The actor or task with ID ... cannot be scheduled right now

Hello, I recently updated Ray to the latest daily to check new deployment API and no longer can start any tasks using either deployment or old-style API.

Windows, empty new conda env:

pip install https://s3-us-west-2.amazonaws.com/ray-wheels/latest/ray-2.0.0.dev0-cp38-cp38-win_amd64.whl
pip install “ray[serve]” # don’t think this matters, tested without too

Then running the code from quick-start, hello.deploy() get’s stuck

(pid=12012) 2021-05-08 15:52:36,800     INFO backend_state.py:747 -- Adding 1 replicas to backend 'Counter'.
2021-05-08 15:52:51,472 WARNING worker.py:1103 -- The actor or task with ID ffffffffffffffffaa26b4ec855fcde08ebed3c101000000 cannot be scheduled right now. It requires {CPU_group_4918ead13edfb4cdf5100dd95213288e: 1.000000} for placement, but this node only has remaining {31.000000/32.000000 CPU, 20.301649 GiB/20.301649 GiB memory, 2.000000/2.000000 GPU, 10.150825 GiB/10.150825 GiB object_store_memory, 0.980000/1.000000 node:192.168.1.212, 1.000000/1.000000 CPU_group_4918ead13edfb4cdf5100dd95213288e, 1.000000/1.000000 CPU_group_0_4918ead13edfb4cdf5100dd95213288e}
. In total there are 0 pending tasks and 1 pending actors on this node. This is likely due to all cluster resources being claimed by actors. To resolve the issue, consider creating fewer actors or increase the resources available to this Ray cluster. You can ignore this message if this Ray cluster is expected to auto-scale.
(pid=12012) 2021-05-08 15:53:06,843     WARNING backend_state.py:276 -- Replica 'Counter#TMDTrR' for backend 'Counter' has taken more than 30s to start up. This may be caused by waiting for the cluster to auto-scale or because the backend constructor is slow. Resources required: {'CPU': 1}, resources available: {'CPU': 31.0}.
(pid=12012) 2021-05-08 15:53:36,903     WARNING backend_state.py:276 -- Replica 'Counter#TMDTrR' for backend 'Counter' has taken more than 60s to start up. This may be caused by waiting for the cluster to auto-scale or because the backend constructor is slow. Resources required: {'CPU': 1}, resources available: {'CPU': 31.0}.

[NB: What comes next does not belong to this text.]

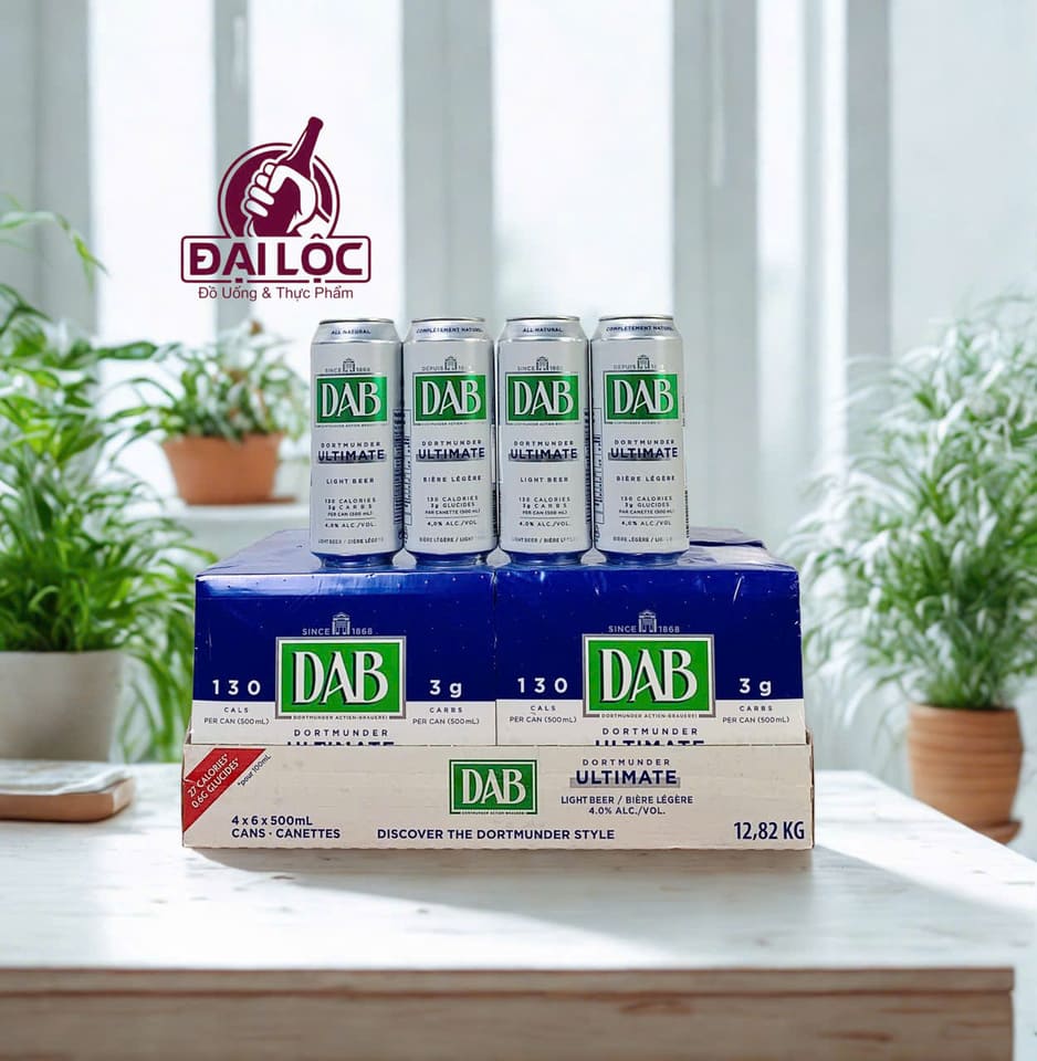 Thùng 24 lon DAB Ultimate 4% (500ml) là lựa chọn lý tưởng cho những ai yêu thích bia Đức nhưng mong muốn một thức uống nhẹ nhàng hơn, có thể thưởng thức lâu hơn trong các buổi tiệc hoặc sau giờ làm: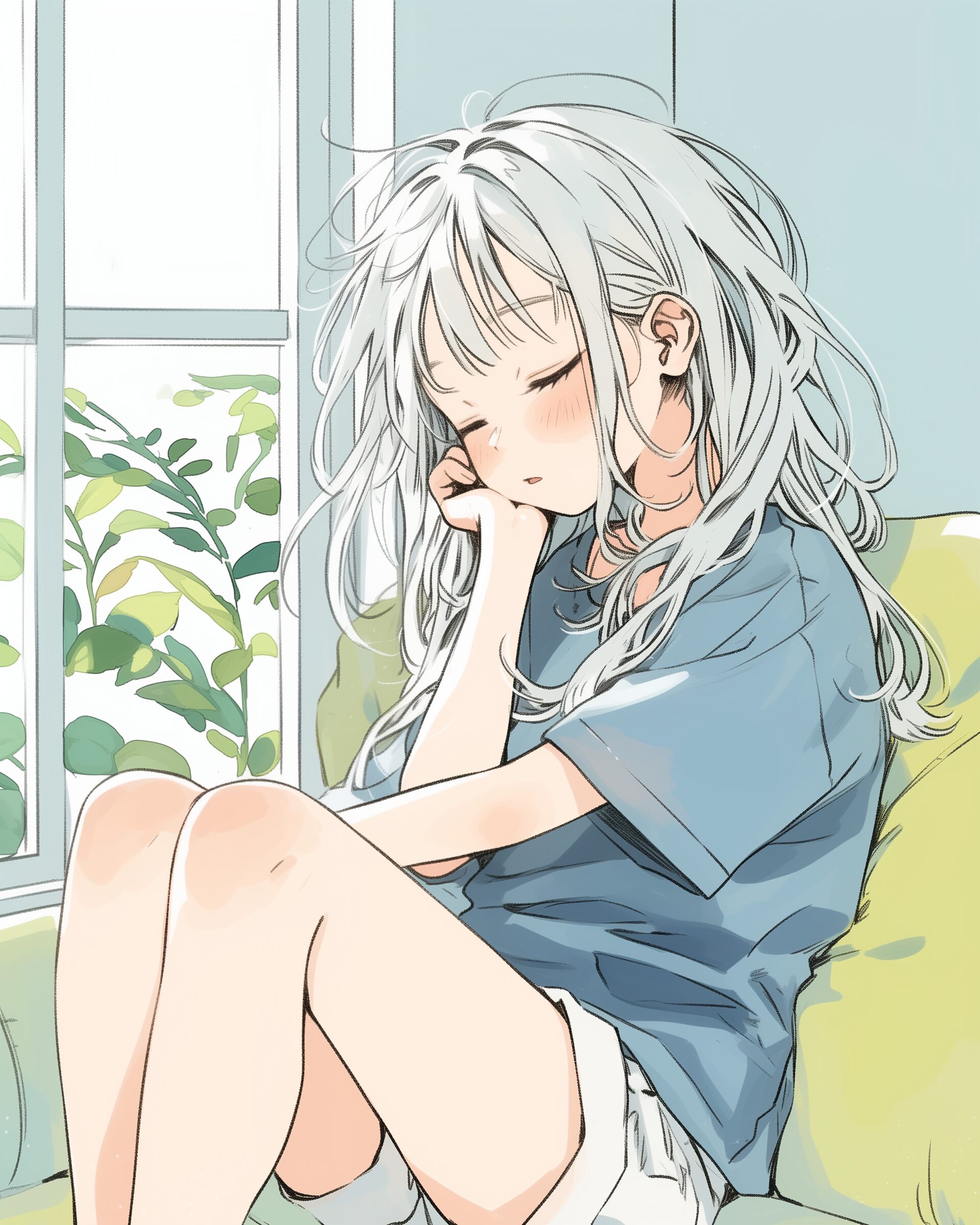 検索タグ:イラスト、ファッション、キャラクター、女性、女、女の子、女子、女の人、アニメ、漫画、マンガ、美人、美女、若い、かわいい、可愛い、カワイイ、人物、顔、美しい、綺麗、きれい、キレイ、アート、お洒落、挿絵、インスタ、Instagram、AI生成画像、fashion、コピースペース、銀髪、ソファ、お昼寝、寝る、眠る、睡眠、ぐっすり

Any suggestions on how to debug this issue? RAY_BACKEND_LOG_LEVEL=debug is not giving me any extra output.

And just to confirm this is Windows related, the latest daily for Linux/Python 3.7 works in Colab.

Seems like [Core] Add "shim process" setup_worker.py that calls "conda activate"… · ray-project/ray@b08b2c5 · GitHub is the culprit, created [serve] Broken by https://github.com/ray-project/ray/commit/b08b2c5103c634c680de31b237b2bfcceb9bc150 on Win · Issue #15703 · ray-project/ray · GitHub

Thanks so much for creating the issue and finding the offending commit! We’ll try to get this fixed very soon and improve our testing to catch things like this in the future. In the very short term, you can try not running Ray Serve in a conda environment, or you can try this patch: serve-conda-win.diff · GitHub. Dependency management using conda will still be broken but everything else should still work.

No worries Archit, I rolled back to pre-breakage CL but thank you for the diff! (I am also super excited about conda support in general :slight_smile:

It looks like CI detected the breakage ([Core] Add "shim process" setup_worker.py that calls "conda activate" for runtime_env (#15361) · ray-project/ray@b08b2c5 · GitHub) but I am not sure if you block on this.

Yeah, we don’t block on this due to there being some known flaky tests. In this case the test that failed was unrelated and the test for runtime_env was reported as passing, but it turns out the Windows CI is not being run in a conda environment and therefore the runtime_env conda tests were actually being skipped.